Not a whole lot going on this week in terms of legal developments, so I thought I'd reach back to an older post of mine, where I talked about a case pending before the Fifth Circuit regarding 14a-8. The original petitioner, the National Center for Public Policy Research, argued that the SEC engages in viewpoint discrimination when it issues no-action letters; an intervenor challenged the entire basis for Rule 14a-8 as unauthorized by statute and unconstitutional to boot. The SEC, for its part, addressed these substantive arguments but concentrated most of its energies on arguing that no-action letters are not final orders subject to challenge in the first place.
Normally, I'd assume a case like this wouldn't have much chance of succeeding, but it's the Fifth Circuit, which tends to take an entrepreneurial approach to issues like corporate rights, standing, and administrative authority. Even then, I'd say the petitioners were likely out of luck, because the panel turned out to be Jones, Douglas, and Dennis – meaning, two Democrats and a Republican – and, indeed, only Judge Jones demonstrated any sympathies for the petitioners during oral argument. But! The last time sec reg ended up before a 2-1 Democratic panel of the Fifth Circuit, the Democrats' ruling in favor of the NASDAQ's diversity rule was taken en banc where its prospects apparently are rather dim.
So what happens if Rule 14a-8, at least in the form we know it, dies?
Well, that brings me to the United Mine Workers' tactic against Warrior Met. As Mike Levin described in his Activist Investor blog here, United Mine Workers took advantage of the universal proxy rule to run a shareholder proposal proxy contest. That is, because it can now list incumbent director candidates on its own proxy card, that's just what it did – it offered several shareholder proposals (14a-8 would limit it to just one), ignored all of Rule 14a-8's other strictures, filed its own proxy materials, sent out proxy cards, and hired a vendor to collect them. Having done that, Warrior Met was backed into a corner and forced to include the proposals in its own proxy materials – because otherwise it risked losing control over, and insight into, how proxy cards collected by Mine Workers were being voted or if they were being returned at all. The expenses for this entire effort by the Mine Workers totaled just $15,000, which sounds very feasible for at least some repeat-player proposal proponents. It also may just scratch the surface of what the universal proxy enables in the future.

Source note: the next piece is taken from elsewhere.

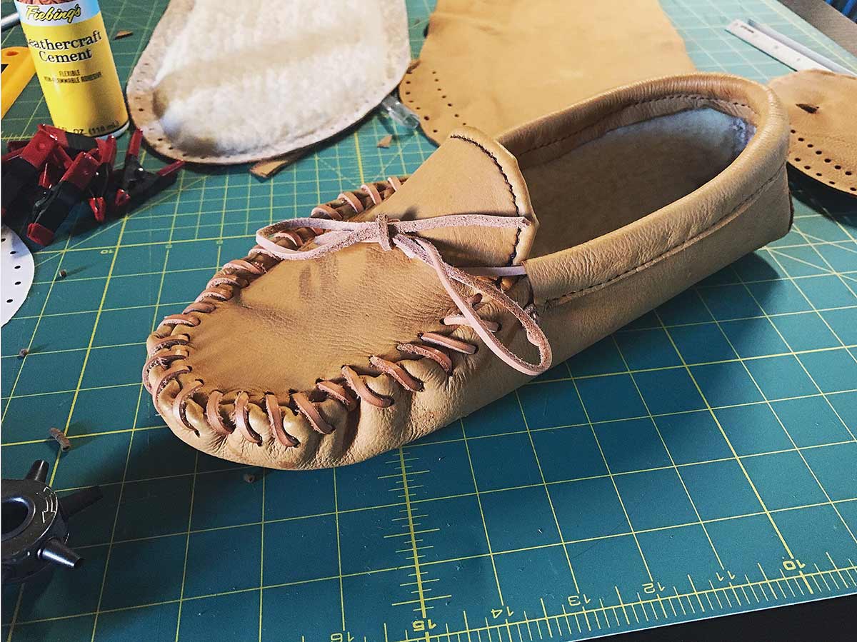 Coming into the new year I am working on some new moccasins to keep my feet warm. Now, technically I started these an entire year ago and gave up due to several technical complications. Well, I am happy to say that I finally figure out a way around those issues and have the right foot down below. I am photographing the entire process of making the left foot, so it will be a tutorial on the site within a few weeks time.

But that, of course, assumes the proposal is one that United Mine Workers can, in fact, bring to the floor – i.e., state corporate law has to allow shareholders to raise these proposals at a shareholder meeting and vote on them, before anything else can happen. Mohsen Manesh lays out the argument for how corporations can – via bylaw or charter provisions – limit shareholders' power to make proposals in the first place, which would not only prohibit United Mine Workers' tactic, but also limit the use of 14a-8 (which is only supposed to enable shareholders to exercise their state-law created governance rights). If he's right, and if companies/management take advantage of that ability, we could lose a lot of shareholder proposals entirely (and a major source of entertainment for corporate academia). Prof. Manesh explains that companies might not want to limit shareholders' ability to bring proposals – maybe investors would be annoyed if their rights were curtailed that way – but, as I previously observed, there wasn't much pushback when Exxon sued its own shareholders over a proposal, so maybe there's space for companies to rid themselves of proposals entirely.